** Opening DATA block **

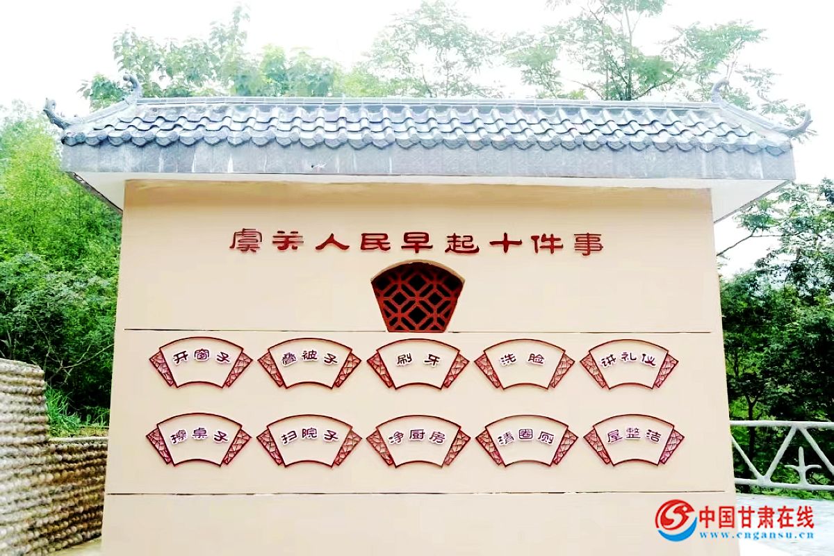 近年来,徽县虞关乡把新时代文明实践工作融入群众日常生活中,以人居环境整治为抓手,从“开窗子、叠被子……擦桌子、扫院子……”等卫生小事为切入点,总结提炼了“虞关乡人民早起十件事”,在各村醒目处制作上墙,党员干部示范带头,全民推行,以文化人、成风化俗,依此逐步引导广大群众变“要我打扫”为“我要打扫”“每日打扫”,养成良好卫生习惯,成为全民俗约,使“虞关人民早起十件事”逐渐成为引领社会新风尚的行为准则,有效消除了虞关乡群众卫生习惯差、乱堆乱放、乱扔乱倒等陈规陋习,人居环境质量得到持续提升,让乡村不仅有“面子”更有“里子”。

** Closing DATA block **
** Opening DATA block **

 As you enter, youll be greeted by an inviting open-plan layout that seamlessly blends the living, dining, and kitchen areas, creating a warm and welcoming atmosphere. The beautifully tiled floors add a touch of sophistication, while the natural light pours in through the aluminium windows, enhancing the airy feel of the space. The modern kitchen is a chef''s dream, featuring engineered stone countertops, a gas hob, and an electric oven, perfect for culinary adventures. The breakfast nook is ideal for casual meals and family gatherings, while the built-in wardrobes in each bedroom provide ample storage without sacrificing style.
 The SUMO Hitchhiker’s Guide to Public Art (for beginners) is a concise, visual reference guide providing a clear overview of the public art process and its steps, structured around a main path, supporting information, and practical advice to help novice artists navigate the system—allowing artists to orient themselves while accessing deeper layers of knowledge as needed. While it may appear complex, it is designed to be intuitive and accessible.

** Closing DATA block **
** Opening DATA block **

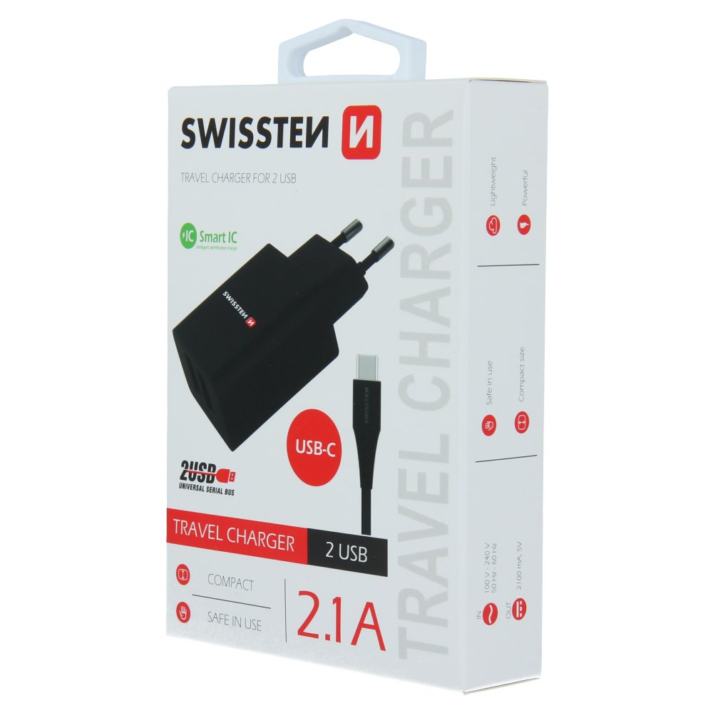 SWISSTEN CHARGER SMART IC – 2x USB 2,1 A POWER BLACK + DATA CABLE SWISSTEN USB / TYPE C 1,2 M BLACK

** Closing DATA block **

**WHAT YOU ARE ASKED TO DO**: Search the material above for the string "while". Show every line that holds it.

**COMPLETED EXERCISE**:
 As you enter, youll be greeted by an inviting open-plan layout that seamlessly blends the living, dining, and kitchen areas, creating a warm and welcoming atmosphere. The beautifully tiled floors add a touch of sophistication, while the natural light pours in through the aluminium windows, enhancing the airy feel of the space. The modern kitchen is a chef''s dream, featuring engineered stone countertops, a gas hob, and an electric oven, perfect for culinary adventures. The breakfast nook is ideal for casual meals and family gatherings, while the built-in wardrobes in each bedroom provide ample storage without sacrificing style.
 The SUMO Hitchhiker’s Guide to Public Art (for beginners) is a concise, visual reference guide providing a clear overview of the public art process and its steps, structured around a main path, supporting information, and practical advice to help novice artists navigate the system—allowing artists to orient themselves while accessing deeper layers of knowledge as needed. While it may appear complex, it is designed to be intuitive and accessible.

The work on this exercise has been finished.